Group reported record assets under management (AUM) of $193.3bn for the six months

LONDON: Man Group Plc reported record assets under management (AUM) of $193.3bn for the six months ended 30 June 2025, reflecting net inflows of $17.6bn—11.5% ahead of industry benchmarks—amid what it described as “one of the most challenging periods for trend-following strategies in 25 years.”
Core earnings proved resilient despite volatility, with diluted EPS from management fees holding at 8.5¢. Statutory EPS fell to 4.4¢ from 13.8¢ in H1 2024, while core EPS narrowed to 9.7¢ from 17.1¢, weighed by weaker returns in trend-following strategies.
Investment performance for the period remained positive at $2.5bn, although it lagged peers by 1.2%. Core performance fees came in at $67m, driven by strong results from long-only and multi-strategy alternatives.
Man Group continued to deploy capital strategically, completing $65m of its $100m share buyback and recommending an interim dividend of 5.7¢ per share. Net tangible assets declined to $674m from $867m over the six-month period.
The firm also accelerated key strategic initiatives. Its credit platform grew to $42.7bn in AUM, supported by the acquisition of Bardin Hill to reinforce its US footprint.
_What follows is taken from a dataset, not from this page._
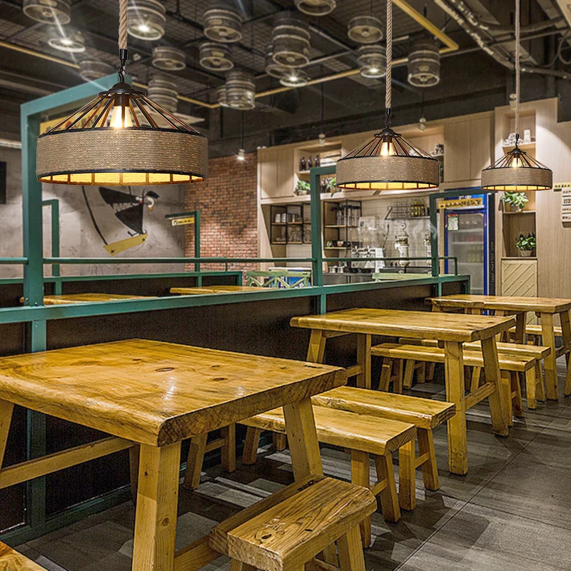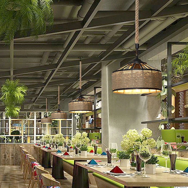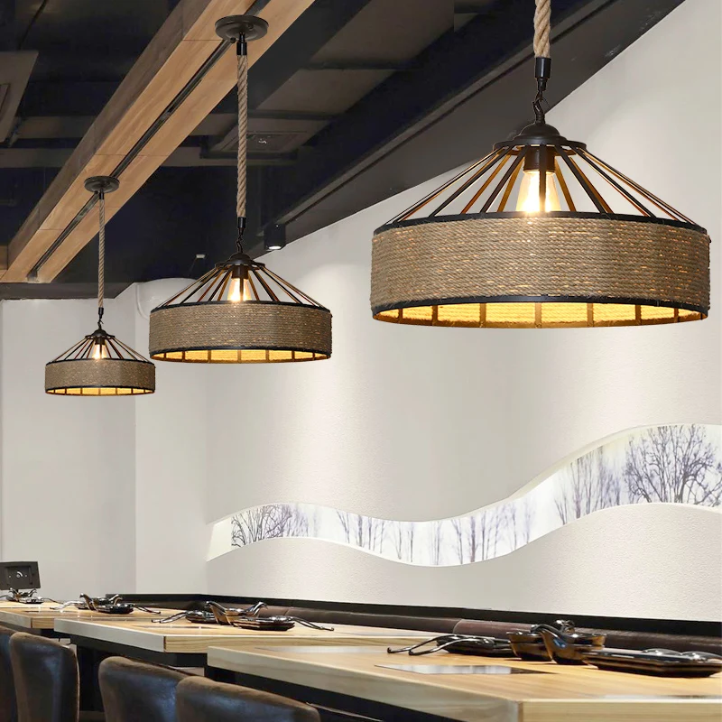 Vintage Industrial Round Iron Hemp Rope Chandelier Hanging Lamp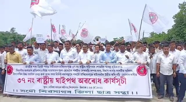 জাঁজীৰ পৰা ডিমৌলৈ আৰু ডিমৌৰ পৰা মৰাণলৈ বিগত চাৰি বছৰ ধৰি নিৰ্মাণ হৈ থকা চাৰিলেনযুক্ত ঘাইপথৰ নিৰ্মাণত অনিয়ম আৰু পুঁজিৰ অপব্যৱহাৰ হোৱাৰ অভিযোগত সদৌ শিৱসাগৰ জিলা ছাত্র সন্থাই সোমবাৰে এক উত্তাল প্ৰতিবাদ সাব্যস্ত কৰে। চাৰি বছৰে ৰাষ্ট্ৰীয় ঘাইপথটোৰ মাত্ৰ ১০ শতাংশ নিৰ্মাণ কামহে সম্পূৰ্ণ হৈছে।

Its Asteria JV raised $1.1bn in wealth distribution, and Man Group reaffirmed its commitment to cost efficiency and technology investment, with an emphasis on generative AI.
Chief Executive Robyn Grew said the results “validate our strategy and underscore the value of the diversification we continue to build.” She added that Man enters H2 with “strong momentum” and remains “confident in our positioning as a long-term strategic partner.”